II. ИЗ ДНЕВНИКА ЮДЖИНА ВИЛЬЕ:
Я позвонил. Поскольку одет я был как на праздник, я не рассчитывал, что простое это действие возымеет неприятные последствия — во всяком случае, не сразу. Рано или поздно такие мысли становятся второй натурой чернокожего человека моего уровня. Западная цивилизация — смешная штука. Как уверяет нас Голливуд, мы — визуальное общество. Главное — образ, а наполнение никого не волнует. Черная кожа и африканские черты, как бы ни были они разбавлены межрасовыми амурами, не сочетаются с богатым районом, если одежда индивидуума не говорит о том, что он миллионер, дворецкий, рабочий электрической компании или, не в последнюю очередь, музыкант. Копы, как большинство трудящихся патриотов, имеют давно и прочно сложившееся мнение о том, как должен выглядеть мир. Не следует их разочаровывать — это невежливо, да и небезопасно. Не выделяйся — вот лозунг рядового Джо, вне зависимости от цвета его кожи и финансовой ситуации. Те, кто балуется независимостью, делают это на свой страх и риск. (За тихую жизнь, впрочем, тоже приходится платить. Скука и непроглядная духовная нищета чаще всего выпадают на долю любителей тихой жизни. Тем не менее, боязнь неизвестного и боязнь одиночества, с оговорками, приковывают миллионера средних лет и подростка, члена банды, к отведенному им судьбой месту, заставляя их терпеть скуку и духовную нищету и говорить и одеваться в соответствии со стандартами, принятыми в их окружении).
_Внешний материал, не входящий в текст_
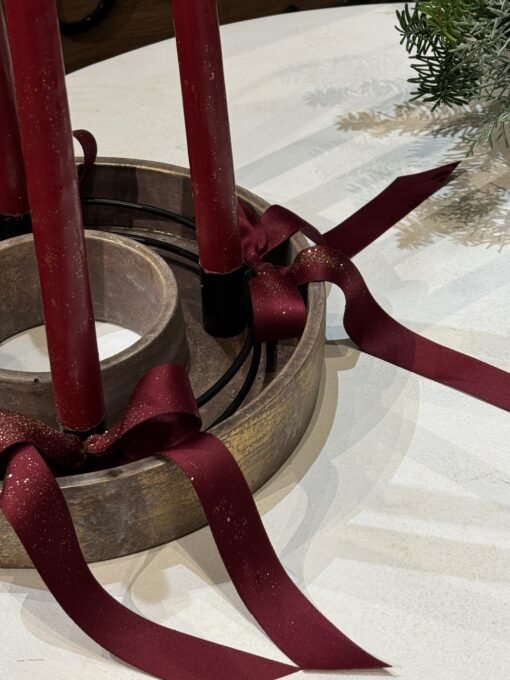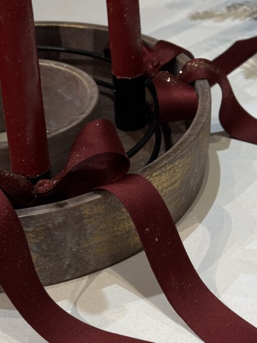 • Dekoras: Žvakidė puošta elegantiškais kaspinais, kurie įneša prabangos ir šventinio žavesio.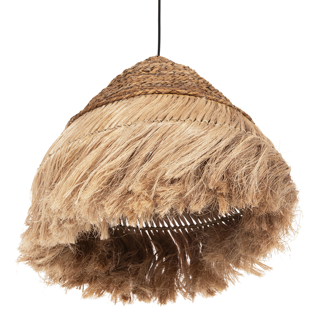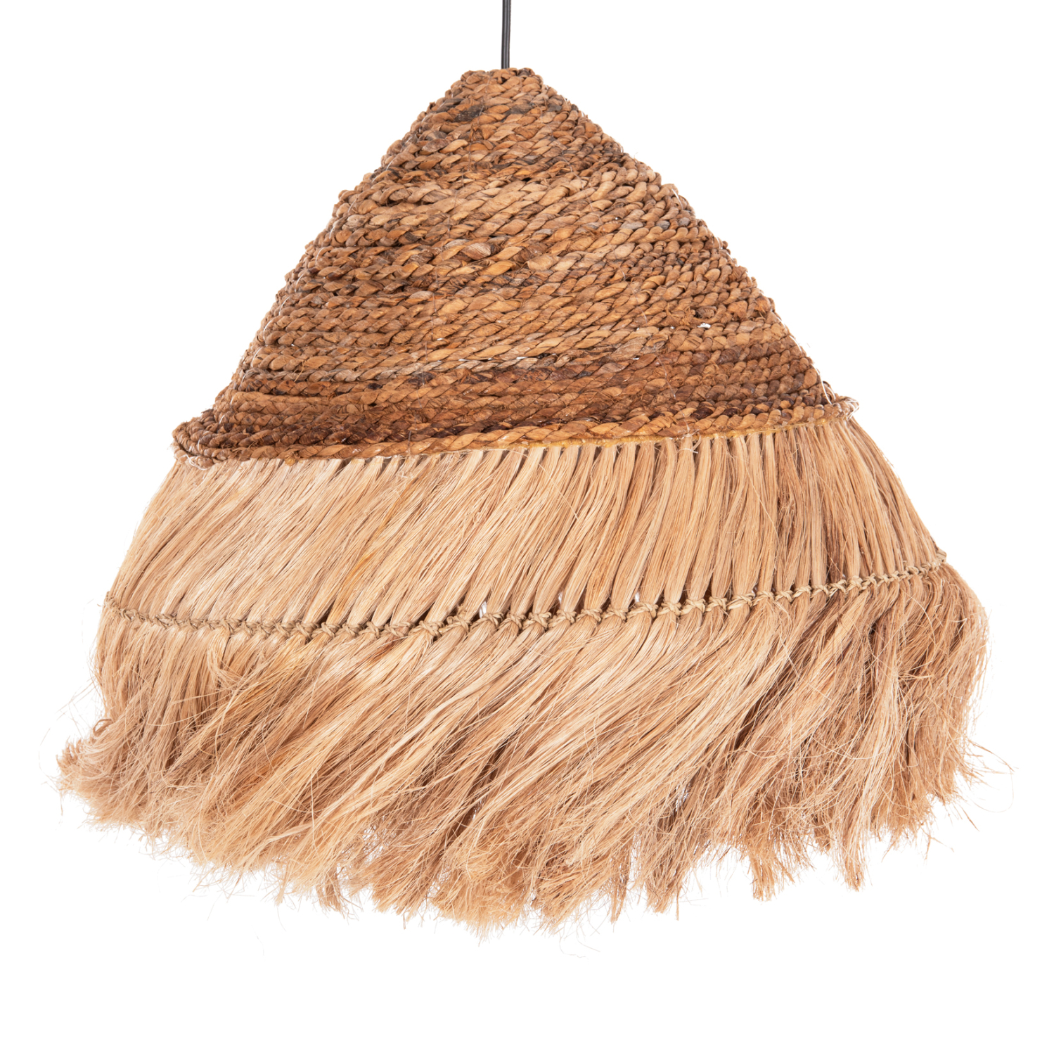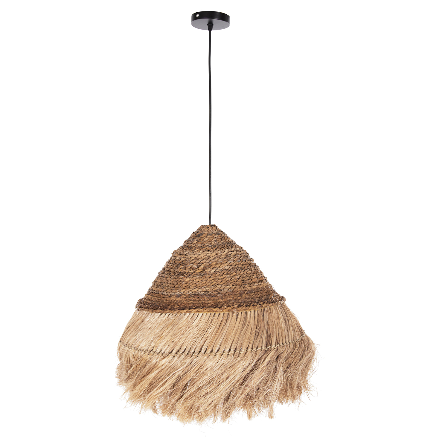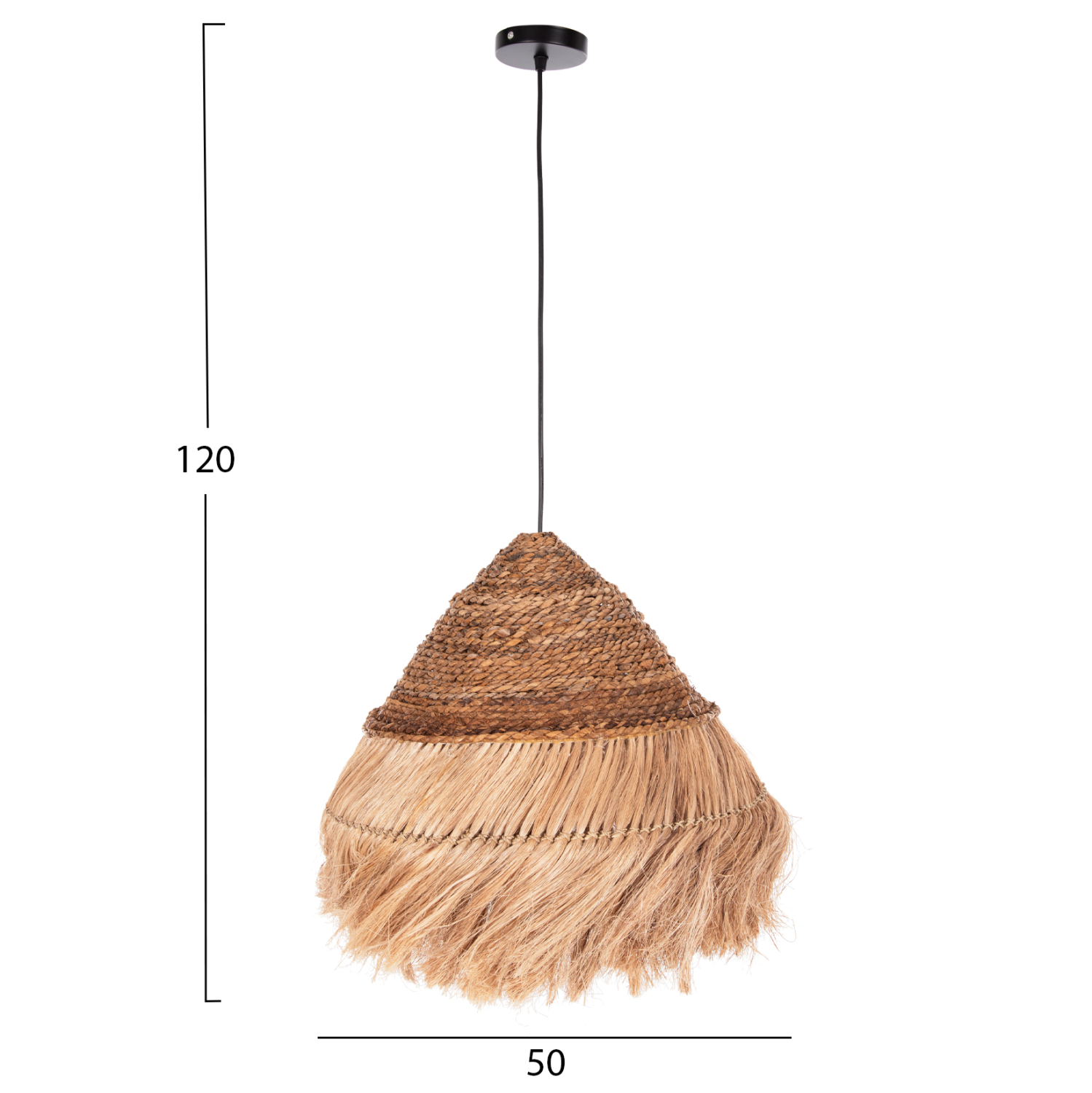 FB97762- Kρεμαστό φωτιστικό—- Αν επιθυμείτε να διακοσμήσετε το χώρο σας με ένα φωτιστικό σε boho στυλ, αυτό είναι μια χαρακτηριστική επιλογή. Είναι ένα μονόφωτο φωτιστικό με «καπέλο» σε σχήμα στρογγυλής πυραμίδας φτιαγμένο από ίνες κάνναβης Μανίλας σε φυσικό χρώμα. Το ιδιαίτερο χαρακτηριστικό αυτού του φωτιστικού είναι ότι στο επάνω μέρος του καπέλου οι ίνες είναι πλεγμένες σαν σχοινί δίνοντας μια άλλη αισθητική στο φωτιστικό.

В общем, я позвонил. Дворецкий, моложавый парень с губами даже тоньше, чем мои, вскинул саркастически брови. Дворецкие нынче не то, что были раньше. Я предпочел бы профессиональную непроницаемость.
Просторный холл был ярко освещен. Я вошел с достоинством, намереваясь достоинство это не уронить ни при каких обстоятельствах. Оказалось, что это труднее, чем я думал. Простота и хороший вкус убранства произвели на меня впечатление.
Ненужно смешливый дворецкий провел меня в нижнего уровня гостиную, где мой благодетель, Джозеф Дубль-Вэ Уайтфилд, поднялся, чтобы меня поприветствовать. Он протянул мне руку добродушно, хоть и слегка снисходительно, и я ее пожал. А что еще я мог сделать? Поцеловать ему руку? Или спрятать руки за спиной? Да ну вас!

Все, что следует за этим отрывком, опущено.